The harder story is what happens after FY26. Mining revenues are forecast to plateau and then gradually decline as equipment utilisation dips toward 75% by FY30. EBITDA margins compress by roughly 500 basis points over three years as competitive pressure builds and coal's structural decline takes hold. Free cash flow only turns positive in FY28, so the dividend is exposed to any deterioration in the base case in the interim.
Valuation & Risks
| Metric | Value |
|---|---|
| Fair Value | A$0.46 |
| Current Price | A$0.33 |
| Upside to Fair Value | +39% |
| Bear Case Value | A$0.28 |
| EV/EBITDA (current) | 7.3x |
| Sector Peer Median EV/EBITDA | 11.4x |
| WACC | 9.0% |
| Terminal Growth Rate | 2.5% |
The fair value of A$0.46 is derived from a weighted blend of DCF analysis, peer trading multiples, precedent transactions, and a sum-of-parts assessment. The DCF carries the heaviest weight, and 90% of its value sits in the terminal period — meaning small changes to long-run margin or growth assumptions move the needle significantly. The 36% discount to sector peers is already wide, but it reflects a genuine structural risk that the market is pricing rationally.

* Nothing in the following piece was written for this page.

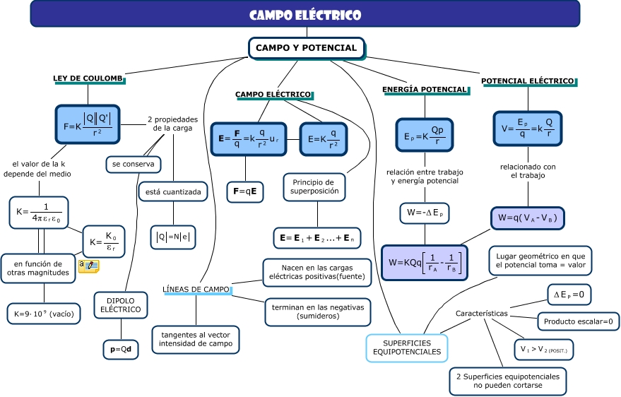 Este mapa conceptual tiene información relacionada a: campo eléctrico_naomi, <math xmlns="http://www.w3.org/1998/Math/MathML"> <mrow> <mtext> E= </mtext> <mfrac> <mtext> F </mtext> <mtext> q </mtext> </mfrac> <mtext> =k </mtext> <mfrac> <mtext> q </mtext> <mmultiscripts> <mtext> r </mtext> <none/> <mtext> 2 </mtext> </mmultiscripts> </mfrac> <mmultiscripts> <mtext> u </mtext> <mtext> r </mtext> <none/> </mmultiscripts> </mrow> </math> ???? F=qE, CAMPO Y POTENCIAL ???? SUPERFICIES EQUIPOTENCIALES, <math xmlns="http://www.w3.org/1998/Math/MathML"> <mrow> <mtext> E= </mtext> <mfrac> <mtext> F </mtext> <mtext> q </mtext> </mfrac> <mtext> =k </mtext> <mfrac> <mtext> q </mtext> <mmultiscripts> <mtext> r </mtext> <none/> <mtext> 2 </mtext> </mmultiscripts> </mfrac> <mmultiscripts> <mtext> u </mtext> <mtext> r </mtext> <none/> </mmultiscripts> </mrow> </math> ???? <math xmlns="http://www.w3.org/1998/Math/MathML"> <mrow> <mtext> E=K </mtext> <mfrac> <mtext> q </mtext> <mmultiscripts> <mtext> r </mtext> <none/> <mtext> 2 </mtext> </mmultiscripts> </mfrac> </mrow> </math>, SUPERFICIES EQUIPOTENCIALES ???? Lugar geométrico en que el potencial toma = valor, <math xmlns="http://www.w3.org/1998/Math/MathML"> <mrow> <mtext> V= </mtext> <mfrac> <mmultiscripts> <mtext> E </mtext> <mtext> p </mtext> <none/> </mmultiscripts> <mtext> q </mtext> </mfrac> <mtext> =k </mtext> <mfrac> <mtext> Q </mtext> <mtext> r </mtext> </mfrac> </mrow> </math> relacionado con el trabajo <math xmlns="http://www.w3.org/1998/Math/MathML"> <mrow> <mtext> W=q( </mtext> <mmultiscripts> <mtext> V </mtext> <mtext> A </mtext> <none/> </mmultiscripts> <mtext> - </mtext> <mmultiscripts> <mtext> V </mtext> <mtext> B </mtext> <none/> </mmultiscripts> <mtext> ) </mtext> </mrow> </math>, <math xmlns="http://www.w3.org/1998/Math/MathML"> <mrow> <mtext> W=-Δ </mtext> <mmultiscripts> <mtext> E </mtext> <mtext> p </mtext> <none/> </mmultiscripts> </mrow> </math> ???? <math xmlns="http://www.w3.org/1998/Math/MathML"> <mrow> <mtext> W=KQq </mtext> <mfenced open="[" close="]"> <mfrac> <mtext> 1 </mtext> <mmultiscripts> <mtext> r </mtext> <mtext> A </mtext> <none/> </mmultiscripts> </mfrac> <mtext> - </mtext> <mfrac> <mtext> 1 </mtext> <mmultiscripts> <mtext> r </mtext> <mtext> B </mtext> <none/> </mmultiscripts> </mfrac> </mfenced> </mrow> </math>, <math xmlns="http://www.w3.org/1998/Math/MathML"> <mrow> <mtext> K= </mtext> <mfrac> <mtext> 1 </mtext> <mrow> <mtext> 4π </mtext> <mmultiscripts> <mtext> ε </mtext> <mtext> r </mtext> <none/> </mmultiscripts> <mmultiscripts> <mtext> ε </mtext> <mtext> 0 </mtext> <none/> </mmultiscripts> </mrow> </mfrac> </mrow> </math> ???? <math xmlns="http://www.w3.org/1998/Math/MathML"> <mrow> <mtext> K=9· </mtext> <mmultiscripts> <mtext> 10 </mtext> <none/> <mtext> 9 </mtext> </mmultiscripts> <mtext> (vacío) </mtext> </mrow> </math>, <math xmlns="http://www.w3.org/1998/Math/MathML"> <mrow> <mtext> K= </mtext> <mfrac> <mtext> 1 </mtext> <mrow> <mtext> 4π </mtext> <mmultiscripts> <mtext> ε </mtext> <mtext> r </mtext> <none/> </mmultiscripts> <mmultiscripts> <mtext> ε </mtext> <mtext> 0 </mtext> <none/> </mmultiscripts> </mrow> </mfrac> </mrow> </math> ???? <math xmlns="http://www.w3.org/1998/Math/MathML"> <mrow> <mtext> K= </mtext> <mfrac> <mmultiscripts> <mtext> K </mtext> <mtext> 0 </mtext> <none/> </mmultiscripts> <mmultiscripts> <mtext> ε </mtext> <mtext> r </mtext> <none/> </mmultiscripts> </mfrac> </mrow> </math>, SUPERFICIES EQUIPOTENCIALES Características Producto escalar=0, CAMPO Y POTENCIAL CAMPO ELÉCTRICO <math xmlns="http://www.w3.org/1998/Math/MathML"> <mrow> <mtext> E= </mtext> <mfrac> <mtext> F </mtext> <mtext> q </mtext> </mfrac> <mtext> =k </mtext> <mfrac> <mtext> q </mtext> <mmultiscripts> <mtext> r </mtext> <none/> <mtext> 2 </mtext> </mmultiscripts> </mfrac> <mmultiscripts> <mtext> u </mtext> <mtext> r </mtext> <none/> </mmultiscripts> </mrow> </math>, CAMPO ELÉCTRICO ???? CAMPO Y POTENCIAL, <math xmlns="http://www.w3.org/1998/Math/MathML"> <mrow> <mtext> F=K </mtext> <mfrac> <mrow> <mfenced open="|" close="|"> <mtext> Q </mtext> </mfenced> <mfenced open="|" close="|"> <mtext> Q' </mtext> </mfenced> </mrow> <mmultiscripts> <mtext> r </mtext> <none/> <mtext> 2 </mtext> </mmultiscripts> </mfrac> </mrow> </math> 2 propiedades de la carga está cuantizada, <math xmlns="http://www.w3.org/1998/Math/MathML"> <mrow> <mtext> F=K </mtext> <mfrac> <mrow> <mfenced open="|" close="|"> <mtext> Q </mtext> </mfenced> <mfenced open="|" close="|"> <mtext> Q' </mtext> </mfenced> </mrow> <mmultiscripts> <mtext> r </mtext> <none/> <mtext> 2 </mtext> </mmultiscripts> </mfrac> </mrow> </math> 2 propiedades de la carga se conserva, CAMPO Y POTENCIAL LEY DE COULOMB <math xmlns="http://www.w3.org/1998/Math/MathML"> <mrow> <mtext> F=K </mtext> <mfrac> <mrow> <mfenced open="|" close="|"> <mtext> Q </mtext> </mfenced> <mfenced open="|" close="|"> <mtext> Q' </mtext> </mfenced> </mrow> <mmultiscripts> <mtext> r </mtext> <none/> <mtext> 2 </mtext> </mmultiscripts> </mfrac> </mrow> </math>, CAMPO Y POTENCIAL LÍNEAS DE CAMPO Nacen en las cargas eléctricas positivas(fuente), <math xmlns="http://www.w3.org/1998/Math/MathML"> <mrow> <mmultiscripts> <mtext> E </mtext> <mtext> p </mtext> <none/> </mmultiscripts> <mtext> =K </mtext> <mfrac> <mtext> Qp </mtext> <mtext> r </mtext> </mfrac> </mrow> </math> relación entre trabajo y energía potencial <math xmlns="http://www.w3.org/1998/Math/MathML"> <mrow> <mtext> W=-Δ </mtext> <mmultiscripts> <mtext> E </mtext> <mtext> p </mtext> <none/> </mmultiscripts> </mrow> </math>, <math xmlns="http://www.w3.org/1998/Math/MathML"> <mrow> <mtext> F=K </mtext> <mfrac> <mrow> <mfenced open="|" close="|"> <mtext> Q </mtext> </mfenced> <mfenced open="|" close="|"> <mtext> Q' </mtext> </mfenced> </mrow> <mmultiscripts> <mtext> r </mtext> <none/> <mtext> 2 </mtext> </mmultiscripts> </mfrac> </mrow> </math> 2 propiedades de la carga DIPOLO ELÉCTRICO, CAMPO Y POTENCIAL POTENCIAL ELÉCTRI

The single biggest threat to the thesis is an acceleration in coal mine closures beyond what the model assumes. The base case treats coal as viable through 2030. If major NSW or Queensland mines announce closures two to three years earlier than expected, mining revenue could fall by 40% within 24 months. The top ten customers account for 65% of revenue, so the loss of even two or three of them would be immediately material. That scenario produces a bear case value of A$0.28 — 15% below the current share price — and would likely trigger a dividend suspension given the negative free cash flow position.